Iran's paramilitary Basij force has published a report about the human rights situation in the United States. The report has been issued in Persian, English, and Arabic.
Young members of the Basij militia display their truncheons as they sit streetside and eat ice cream in an undated photo from Iran.
The Basij force, which has been accused of brutality and involvement in state repression against opposition activists in Iran, says the United States is "one of the main violators of human rights."
"As soon as we all hear the phrase 'human rights,' the painful memories of Abu Ghraib, Guantanamo, and Bagram prisons remind us of the human rights violations committed by the U.S. government," the report says.
Basij commander Mohammad Reza Naghdi speaking at the event
(photo by Ehsan Naderipour, Islamic Republic News Agency)
The paper goes on to say: "However, these violations are not limited to the violent incidents after 9/11. The United States, which has presented itself as the sole protector of humanity and for that claim threatens and even attacks other countries, is violating human rights inside its own borders in terms of torture of prisoners, police brutality, and racial discrimination."
The report has several sections that include the situation of detainees, the violation of online privacy, and death sentences.
The hard-line Fars news agency, which is said to have ties to the Islamic Revolutionary Guards Corps (IRGC), says Basij commander Mohammad Reza Naghdi; the head of the judiciary's human rights commission, Mohammad Javad Larijani; and senior lawmaker Alaedin Borujerdi were among officials present at the unveiling of the of the report, which took place at Tehran University.
The report appears to be a tit-for-tat move for criticism of the human rights situation in Iran by the United States.

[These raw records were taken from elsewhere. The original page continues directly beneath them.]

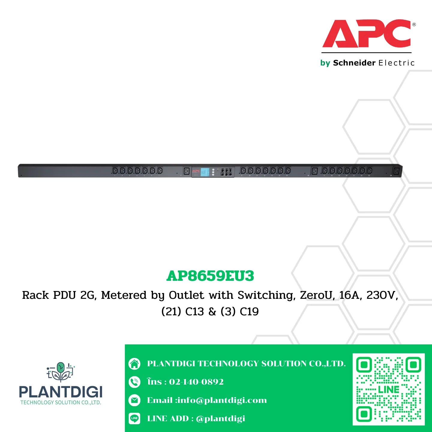 Rack PDU 2G, Metered by Outlet with Switching, ZeroU, 16A, 230V, (21) C13 & (3) C19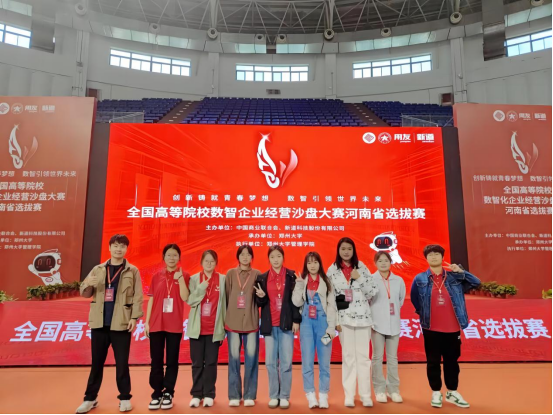 9月27日,管理学院参加了由中国商业联合会、新道科技股份有限公司主办,郑州大学承办的全国高等院校数智企业经营沙盘大赛河南省选拔赛,该项赛事为教育部2023全国普通高校大学生竞赛目录中的第74项赛事。本次比赛共有全国40所本科院校参赛,参赛队伍总计108支。新乡学院管理学院竞赛团队由宋路平、王韵、荆春棋和李元晖老师指导。荆春棋老师带队前往郑州大学参赛,几经角逐,最终在本次比赛中荣获二等奖。
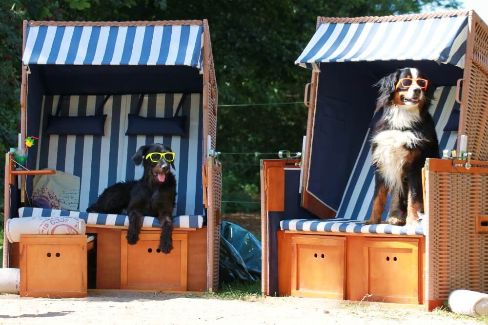 gemütlich in unseren Strandkörben – Spaß beim Schwimmen und Wasserballspielen im großen Pool (5m breit, 10m lang, 1,30 m hoch)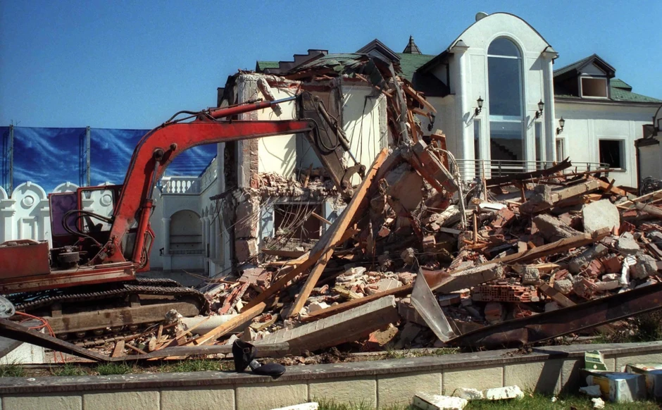 Rušenje zbog nelegalne gradnje počelo je dva dana posle ubistva premijera Zorana Đinđića 14. marta u 14 sati i trajalo je do 27. marta 2003. To je tada bila jedina opcija jer je Zakon o oduzimanju imovine stupio na snagu tek šest godina kasnije, 1. marta 2009.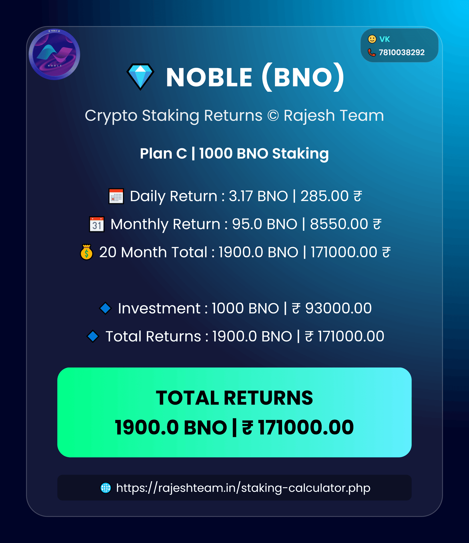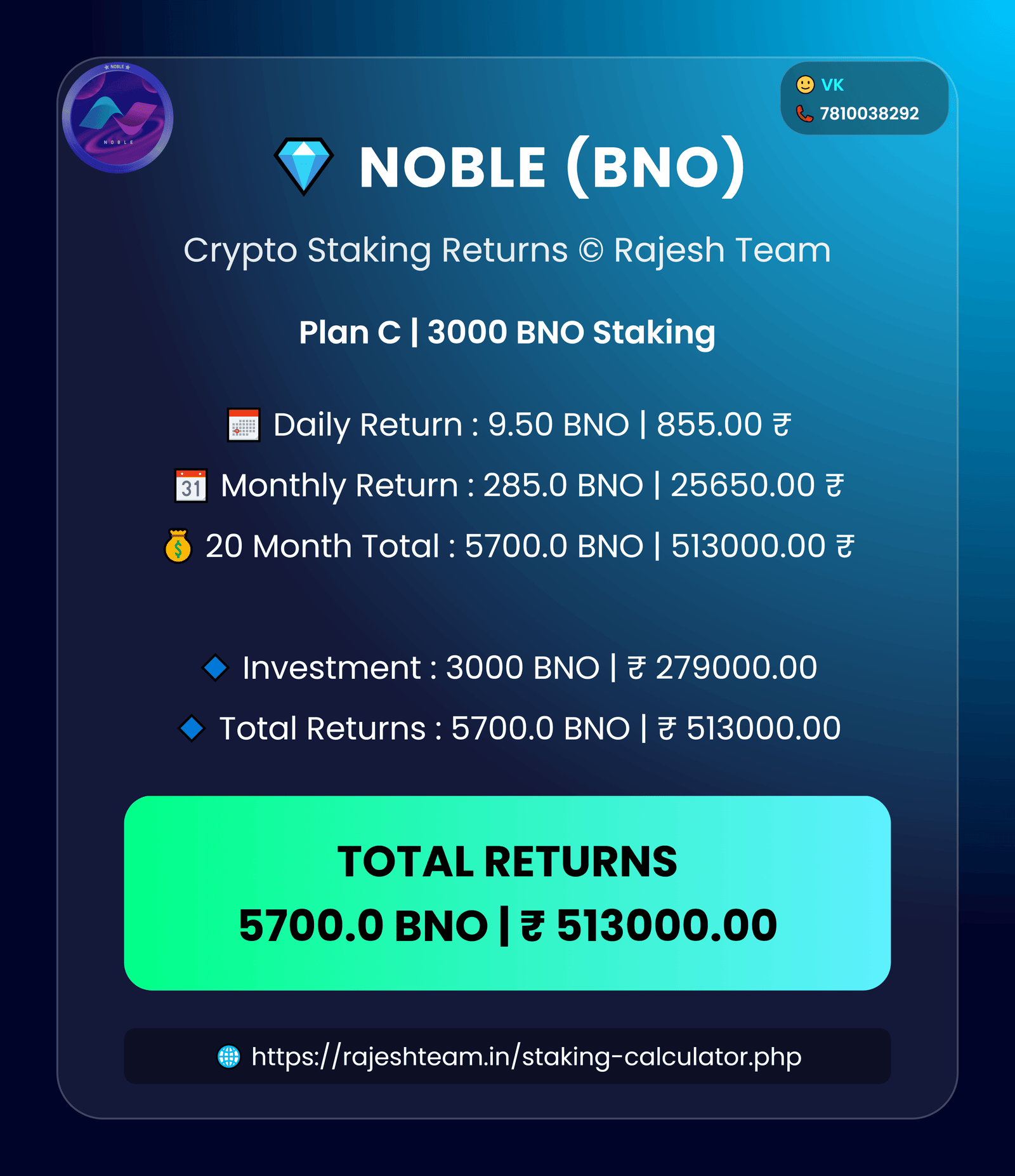 Galaxy Smart Chain • BNO Staking Plans

It comes amid criticism by hard-liners in the Islamic republic of a nuclear deal reached between Iran and the P5+1 group of world powers, which includes the United States. Hard-liners have in recent months gone to great lengths to demonstrate that despite talks over the nuclear issue, the United States remains Iran's enemy.
Iranian officials often reject criticism of the human rights abuses in the country by rights groups and other countries as interference in Iran's internal affairs.